Empire and colonialism
One effect of this volume is to question the tired hermeneutic of the ‘Anglo-Saxon captivity’ of Anglicanism. Christians, including Anglicans, were among the most vocal critics of Empire (p. 67) and ‘[m]any of the English leaders of global Anglicanism were at the forefront of independence movements from the Church of England for their Churches’ (p. 3). The Evangelical Henry Venn of the Church Missionary Society (CMS) advocated the three-self theory of missions: self-governing, self-supporting and self-propagating. Samuel Ajayi Crowther, a freed slave, was consecrated bishop in 1864, setting a precedent, though not a trend. Although there were 12 million emigrants from Britain between 1815 and 1830 – a community that had grown into 200 million a century later – in the century as a whole ‘Anglicanism became an increasingly non-white Church in many regions of the world’, although it remained largely anglophone (p. 11). There was a benevolent aspect to imperialism, signalled above all by the ending of first the slave trade and then of slavery itself in British territories, enforced by Royal Navy patrols. (Bishops and clergy of the American Protestant Episcopal Church in the South were not alone in supporting slavery; some bishops and clergy in the North were also opposed to abolition. American Methodism split over the issue.)

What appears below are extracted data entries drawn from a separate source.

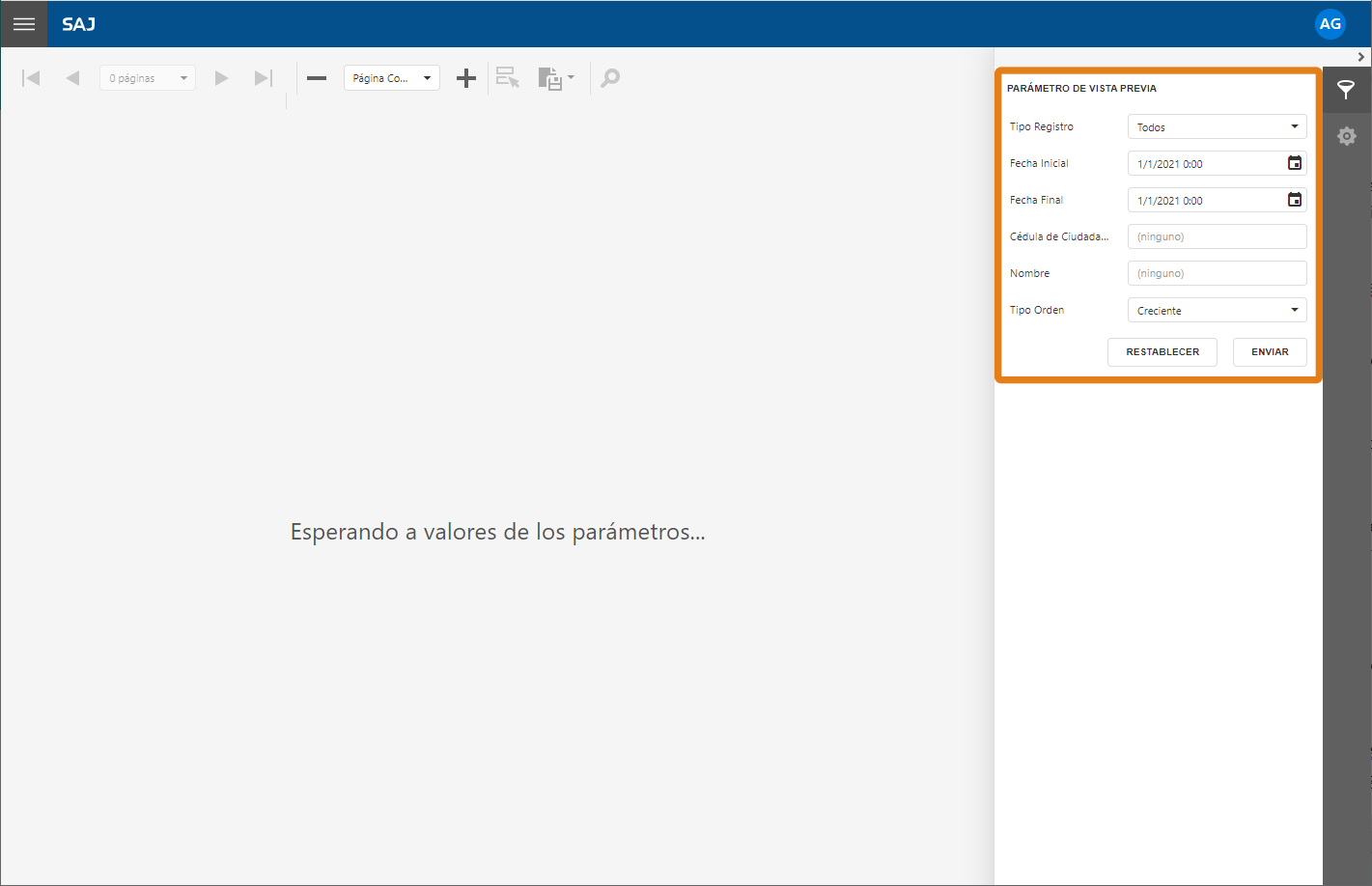 2. Se abrirá una nueva pantalla del sistema, específica para emitir este informe. A la derecha, verá algunas opciones de parámetros para diligenciamiento.
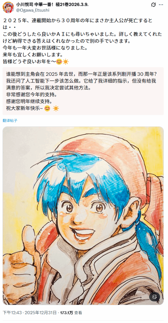 但是用户担心的则是,很多创作者并不是把AI当作辅助工具,而是当作生产工具,从剧本开始就进行大量的AI生成,比如目前把中华小当家刘昴星画死之后,作者小川悦司表示自己甚至向AI询问接下来的剧情要如何发展,都没有得到很好的答复。
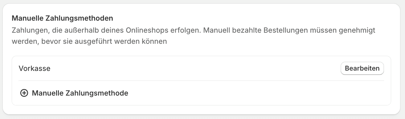 Um deinen Kunden im Checkout Vorkasse als Zahlungsoption anbieten zu können, müssen Sie sie zuerst in den Einstellung einrichten. Über Einstellungen → Zahlungen finden Sie den Bereich manuelle Zahlungsmethoden.

Protestant voluntary mission societies were generally shaped by the great pietistic revivals and consequently manifested a non-ecclesiastical, non-episcopal structure, which also influenced the voluntary ethos of the CMS. The church-based, episcopally supervised Anglican societies the SPCK and SPG were founded in 1698 and 1701 respectively. The concept of the missionary bishop to spearhead the spread of the Church was advocated by High Churchmen such as Henry E. Manning, William Ewart Gladstone, Charles James Blomfield (Bishop of London), Robert Gray (Bishop of Cape Town) and Samuel Wilberforce (later Bishop of Oxford). The consecration of Jackson Kemper as the first missionary bishop of the American Episcopal Church took place in 1835. Anglican missions generally failed indigenous peoples, notably in South and North America and Australia. In India, Anglicanism secured its position through connection with the Raj and its institutions, such as schools and hospitals, but it failed to reach the Dalit and tribal peoples. It was not until the Colonial Clergy Act of 1874 that the English archbishops were permitted by Parliament to consecrate bishops for the Empire without requiring the oath of canonical obedience to the Archbishop of Canterbury. Consequently, as Stewart J. Brown comments, ‘The connections of the colonial Churches to the mother Church of England were henceforth based – not on law – but on sentiment, doctrine, ecclesiology, and loyalty to the empire’ (p. 55). He could have included the Book of Common Prayer in the list, since liturgy is not fully subsumed in ‘doctrine’. But with the subtraction of ‘empire’, these factors still lend some coherence to the Anglican Communion.